**Recorded data**
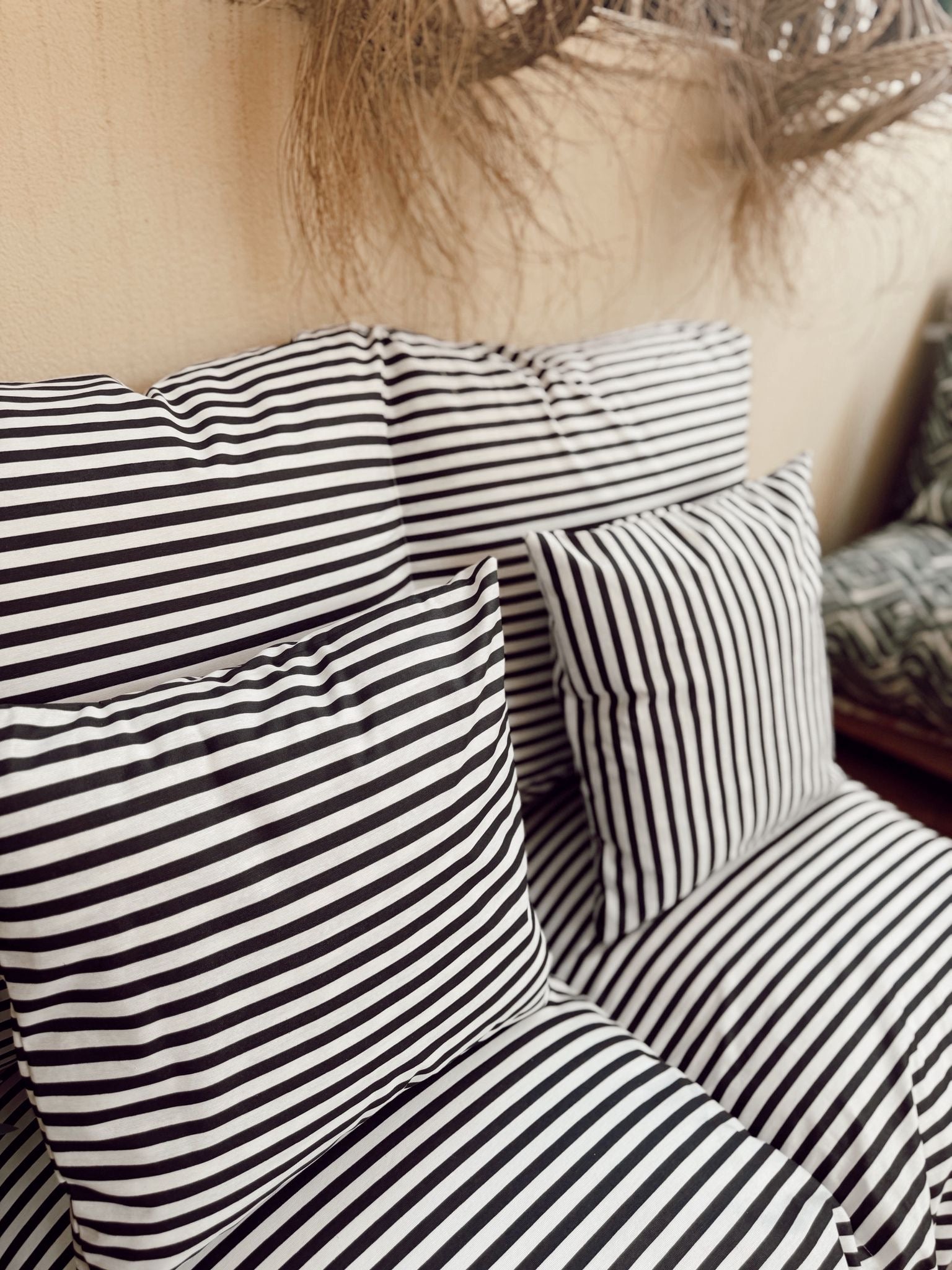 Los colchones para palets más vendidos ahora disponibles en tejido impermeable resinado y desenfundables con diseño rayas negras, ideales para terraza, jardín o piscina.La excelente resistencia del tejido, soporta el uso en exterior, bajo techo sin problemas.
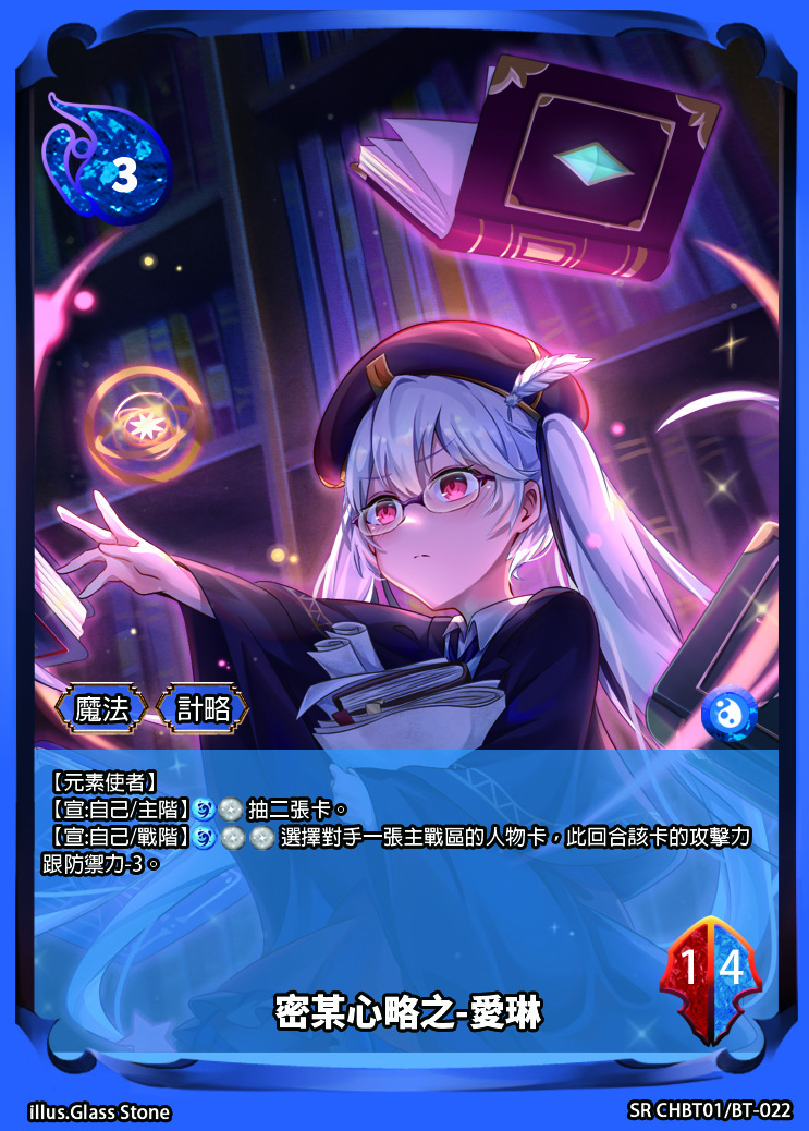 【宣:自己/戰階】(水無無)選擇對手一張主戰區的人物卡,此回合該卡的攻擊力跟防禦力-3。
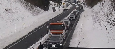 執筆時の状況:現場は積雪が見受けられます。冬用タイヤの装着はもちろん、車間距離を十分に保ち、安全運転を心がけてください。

**Problem description**
A word-for-word copy of the data above is needed, one that omits the pictures.

**Answer to this problem**
 Los colchones para palets más vendidos ahora disponibles en tejido impermeable resinado y desenfundables con diseño rayas negras, ideales para terraza, jardín o piscina.La excelente resistencia del tejido, soporta el uso en exterior, bajo techo sin problemas.
 【宣:自己/戰階】(水無無)選擇對手一張主戰區的人物卡,此回合該卡的攻擊力跟防禦力-3。
 執筆時の状況:現場は積雪が見受けられます。冬用タイヤの装着はもちろん、車間距離を十分に保ち、安全運転を心がけてください。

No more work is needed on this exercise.